I’ve always wanted a V8 engine, but rather than spending over $7000 for one, I figured I’d 3D print one. The project was exciting, time consuming, but in the end, totally worth it. These next few blogs will be a part-by-part account of the entire project from start to finish. At the end of each part, I’ll include a “Tips n’ Tricks” section where I cover some important bits of information pertaining to the topics discussed in the segment.

Let’s get started.

The 3D Models

I think of myself as “pretty proficient” at 3D modelling and designing. However, I knew that modelling an engine assembly from scratch was going to take an unreasonable amount of time. I searched online and found what could arguably be the best 3D model of an LS3 engine I’ve seen to date. Eric Harrell (AKA “ericthepoolboy“) has working models of a Chevy LS3, a Subaru EJ20, a Ford flat head V8, and a Toyota 22RE 4-cylinder engine. You can find all of his designs on Thingiverse.

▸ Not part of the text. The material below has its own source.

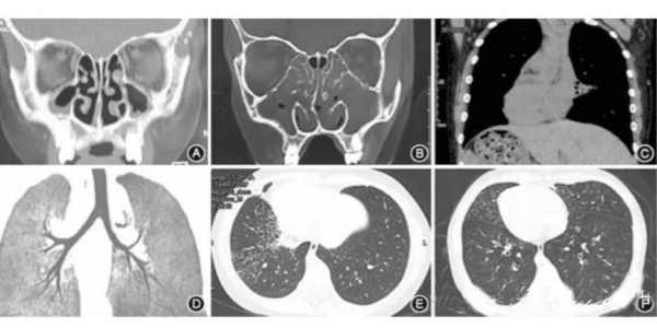 图 7 患儿影像学检查结果。A:鼻窦CT示双侧上颌窦炎(男,11岁);B:鼻窦CT示双侧上颌窦炎和鼻中隔偏曲(女,11岁);C:CT冠状位成像可见左肺局部肺不张、右位心和腹腔脏器反位(女,11岁);D:CT气道重建可见气管左右结构反位(女,10月龄);E:右肺CT可见较多小叶中心型微结节(女11岁);F:双肺CT可见支气管扩张和细支气管炎(男,11岁). (引自靳雨婷等,中华儿科杂志, 2015 )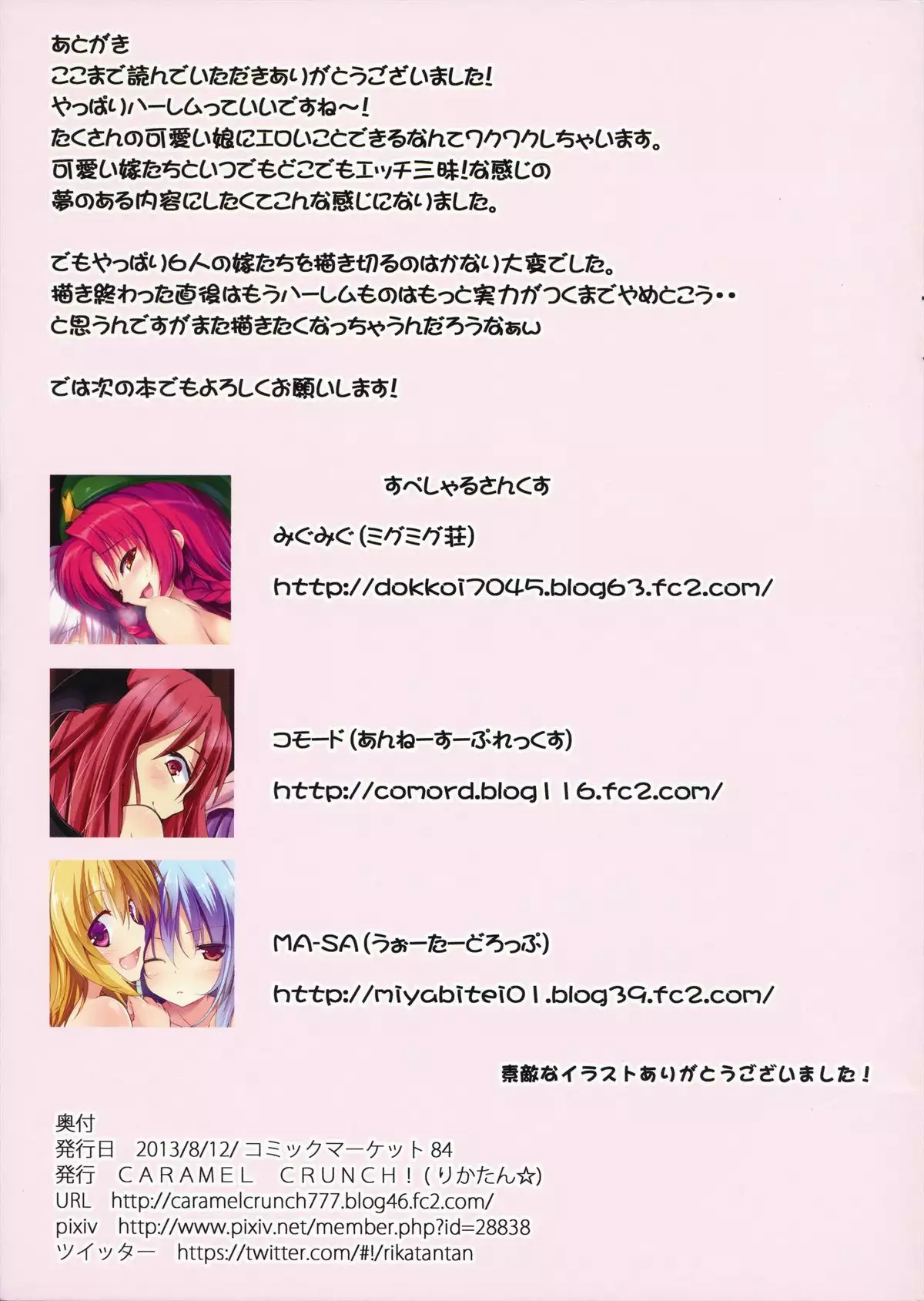 (C84) [CARAMEL CRUNCH! (Various)] Harem Gensoukyou 2 ~Watashitachi no Dannasama~ (Touhou Project) Hentai (C84) [CARAMEL CRUNCH! (よろず)] ハーレム幻想郷2~私たちの旦那様~ (東方Project)

3D Printed LS3 Engine, courtesy of Eric Harrell.

3D Printed LS3 Engine, courtesy of Eric Harrell.

Eric’s design files include the block, cylinders, headers, valve covers, crankshaft and camshaft assemblies, as well as rocker arms and valves. The parts are extremely detailed have been designed for easy fastening, with pre-cut holes and bores for M3-sized screws. The entire engine – once assembled – moves freely, with integrated bearing sockets for the crankshaft and camshaft. A DC motor is attached to a mounting point that connects the motor to the flywheel, meaning the entire thing will run on its own once powered.

Looking at his final design a little closer, I noticed he was powering the DC motor directly from the wall, so the pistons were “firing” at the same speed. I wanted to demonstrate something a little more dynamic, so I planned out a design for a gas pedal (which I will discuss in a later post). The pedal would act as a potentiometer that would regulate the speed of the pistons.

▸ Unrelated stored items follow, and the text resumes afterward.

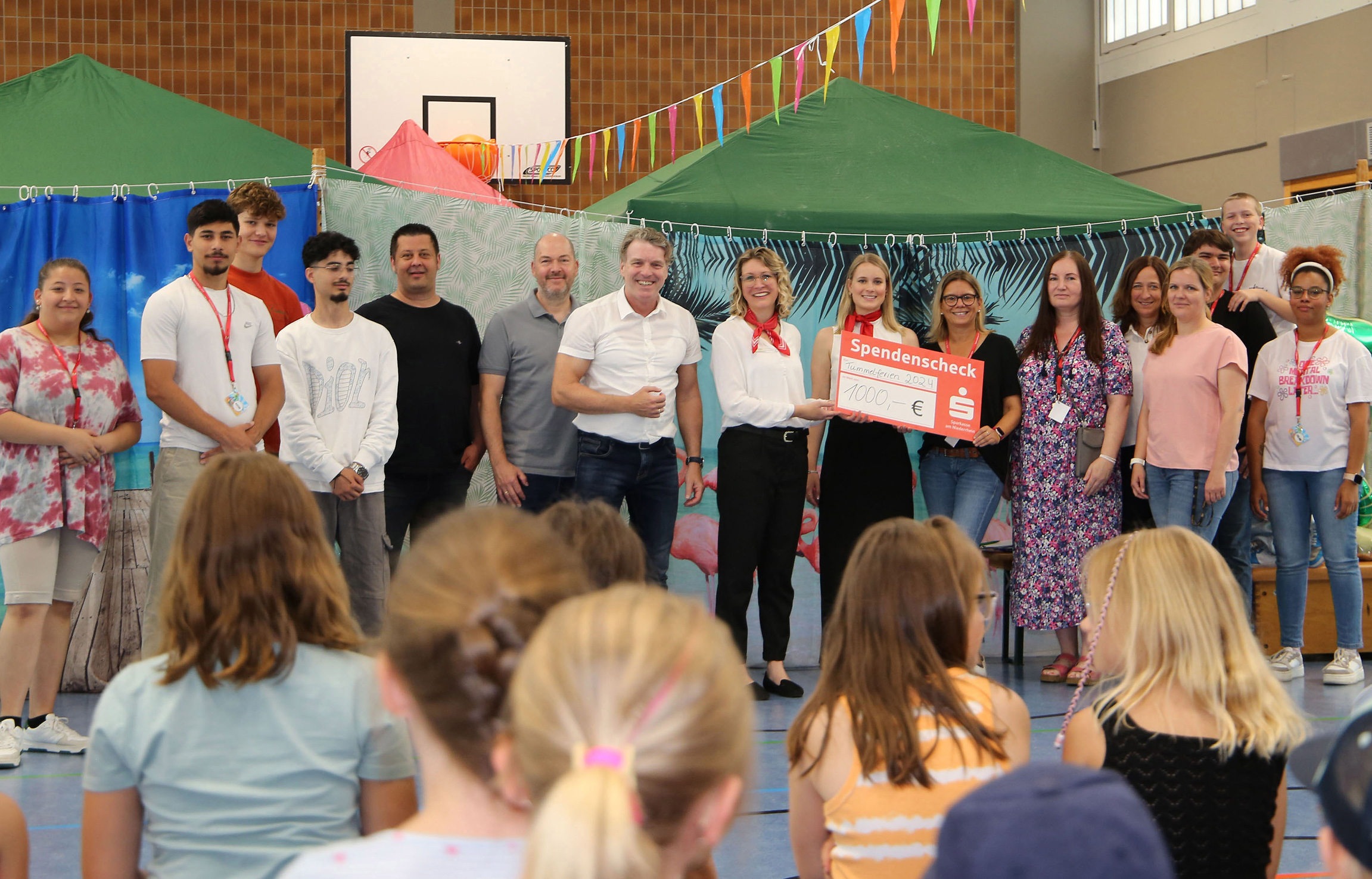 MOERS. Strahlende Kinderaugen, glückliche Betreuerinnen und Betreuer und eine bunte Bühne. Vor dieser Kulisse übergaben Lena Kempken und Melanie Peschik von der Sparkasse am Niederrhein symbolisch einen überdimensionalen Scheck über 1.000 Euro an die Mitarbeiterinnen der Offenen Einrichtung für Kinder ‚Asbär‘ der AWO. Das Team organisiert auch in diesem Jahr wieder in Kooperation mit dem Jugendamt der Stadt Moers den Spielpunkt in Asberg.
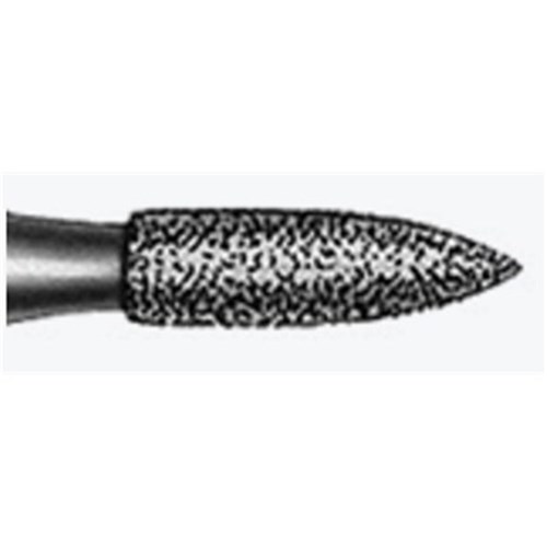 Flame short, medium grit, HP 104 diamond, 012, 1.2mm diameter with 5mm working length.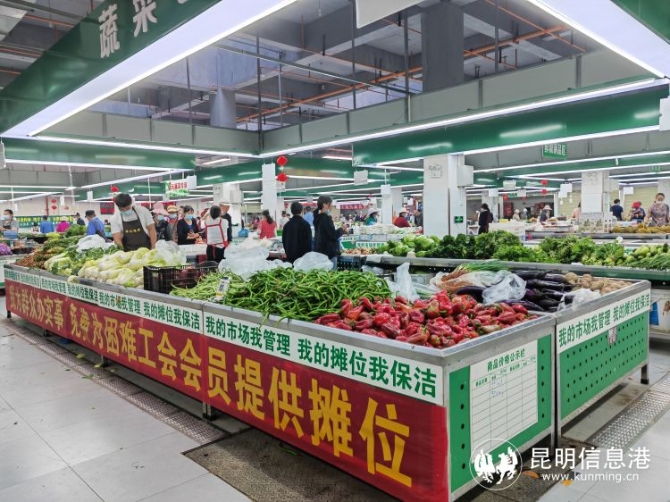昆明信息港讯 记者杨雁 记者从昆明滇池国家旅游度假区大坝农贸市场获悉,在经历了提升改造和试营业后,该市场为困难农户提供20个助农助销免费摊位。目前,已经有富民、禄劝两地农户进驻农贸市场,将地方特色农产品运到这里出售。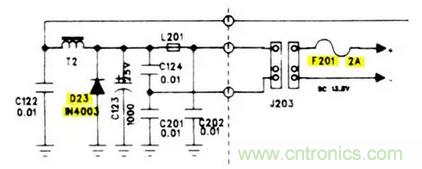 保險(xiǎn)絲(F201)。這是一個(gè)非常典型的電源供電電路。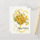 Vintage födelsedagskort med livfulla gula blommor på en dekorativ blommig bakgrund.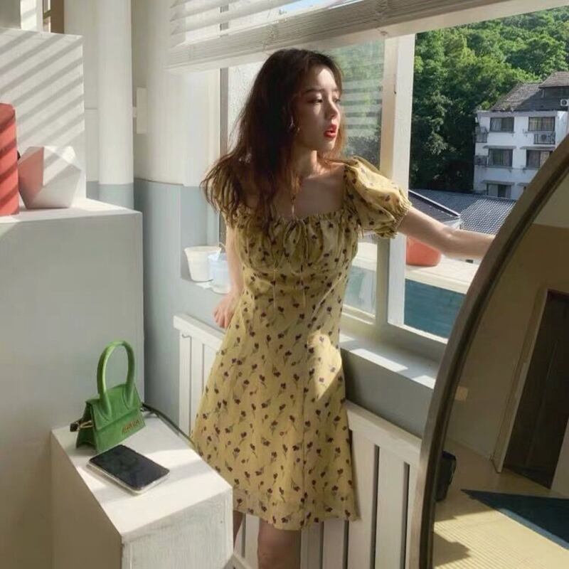 年齢を減らし、小さなワンショルダースカートを備えた新しいフランスのレトロなフローラルスクエアネックドレスの女性の夏バージョンは薄かった 韓国婦人95001567265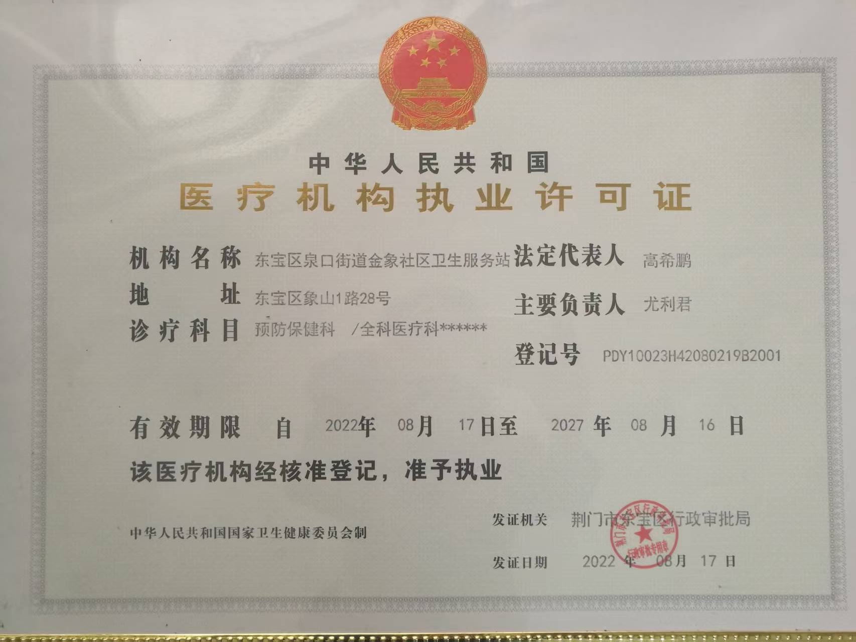 《中华人民共和国医疗机构执业许可证》机构名称:东宝区泉口街道金象社区卫生服务站,法定代表人:高希鹏;主要负责人:尤利君;诊疗科目:预防保健、全科医疗;经营性质:非营利性(非政府办);服务对象:社会。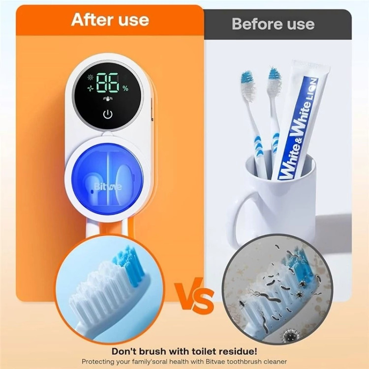 با استریلایزر UV هوشمند Bitvae X122، مسواک شما همیشه تمیز، خشک و بدون باکتری میماند. طراحی شیک، سنسور هوشمند، باتری بادوام و نصب آسان بدون نیاز به سوراخکاری—یک انتخاب بهداشتی برای روتین روزانه.

Once the 3D models were all downloaded, it was time to get printing.

The Print Jobs

Printing all of these parts was a lot of fun. I had three printers at my disposal, the Fortus 450mc, the 250mc, and the Stratasys F170, part of the Stratasys F123 Series. These three printers, though different in both age and capability, extruded the parts in incredible detail with no hiccups or setbacks. I didn’t have a pre-determined plan on which printer would print which parts, so I organised a print schedule based on what colour options I had access to. I had more colour choices for the 250mc (such as orange, yellow, and grey), so I used it a lot more than I did the F170 and 450mc. I tried to stick with a double-density sparse infill for most of the parts, as it was good balance between material efficiency and part strength. This wasn’t the case for all parts, as they varied in size and complexity (I explain a little more about this in the Tips n’ Tricks section at the end).

The pistons, piston rods, and camshaft were the first things that were printed.

Pistons, piston rods, and camshaft assembly all printed on one build sheet.

Pistons, piston rods, and camshaft assembly all printed on one build sheet.

Using the “Optimize” feature on the Arrangement tool, the parts were positioned in a way that made it easier for the printer to extrude the material. This optimisation was implemented with every printed cluster of parts.

The full printed piston assembly.

Next was the engine block. This was the longest print out of all of the parts. The block was done on the 250MC and took almost 4 days to finish (not including time for washing and drying). I wanted to print the block in orange (harking back to classic orange Chevy V8 engines), and the only orange material I had was for the 250.

Printing and washing the engine block took almost 6 days to complete.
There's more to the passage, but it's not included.